No reason of man can justify God for His treatment of His Son; but whatever does justify it justifies God’s whole providence with the universe, and solves its problem. He so spared not His Son as with Him to give us all things. The true theology of the Cross and its atonement is the solution of the world. There is no other. It is that or none.[10]

Our faith rose from ‘the sharpest crisis, the greatest war, the deadliest death, and the deepest grave the world ever knew – in Christ’s Cross’[11].

“The chief cause of our being unhinged by catastrophe is twofold”.

First, that we have drawn our faith from the order of the world instead of its crisis, from the integrity of the moral order rather than from the tragedy of its recovery in the Cross.

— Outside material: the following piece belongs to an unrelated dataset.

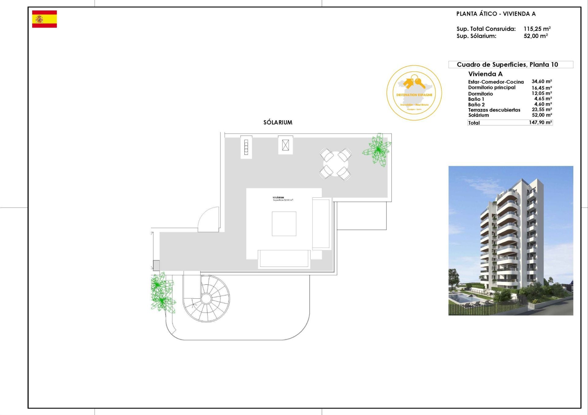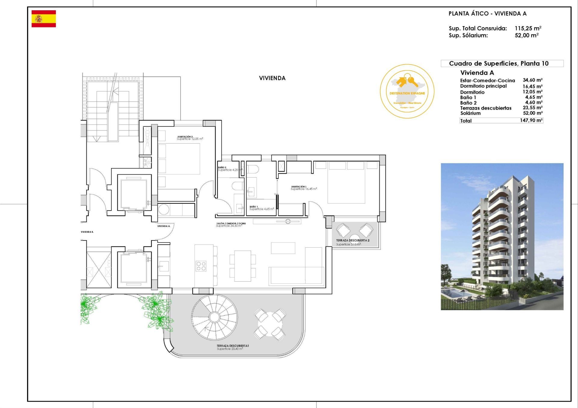 Caractéristiques : 2 chambres, 2 salles de bain, Cuisine ouverte, Salle à manger, Salon, Terrasses de 23,55 m2, Solarium Privé de 52 m2 …

And, even if we start there, the second error is that we have been more engrossed with the ill we are saved from than with Him who saves us, and the Kingdom for which we are saved.  We are more taken up with the wrongs so many men have to bear than with the wrong God has to bear from us all – God who yet atones and redeems in giving us a Kingdom which is always His in reality and ours in reversion.

It is not as if God first redeemed, and, having thus prepared the ground, brought in the Kingdom; but He redeemed us by bringing in the Kingdom, and setting it up in eternal righteousness and Eternal Life. The Cross of Christ is not the preliminary of the Kingdom; it is the Kingdom breaking in. It is not the clearing site for the heavenly city; it is the city itself descending out of heaven from God.[12]


[1] P. T. Forsyth, The Justification of God, NCPI, 1988, p. 85.

[2] Job 42:1-6.

[3] Kenneth Surin, Theology and the Problem of Evil, Basil Blackwell, 1986, Oxford, p. 2.

[4] C.S. Lewis, The Problem of Pain, Fontana, 1957, p. 81.

[5] C. S. Lewis, A Grief Observed, Seabury Press, 1961.

[6] Job 2:13 ‘They sat with him on the ground seven days and seven nights, and no one spoke a word to him, for they saw that his suffering was very great’.

[7] Fyodor Dostoyevsky, The Brothers Karamazov, (1880) 2003, Penguin Books.

[8] Quoted by Kenneth Surin, Theology and the Problem of Evil, Basil Blackwell, 1986, Oxford, p. 96-97.

[9] Forsyth, p. 79.

[10] Forsyth, p. 122.

[11] Forsyth, p. 57.

[12] P. T. Forsyth, The Justification of God, p. 76-77.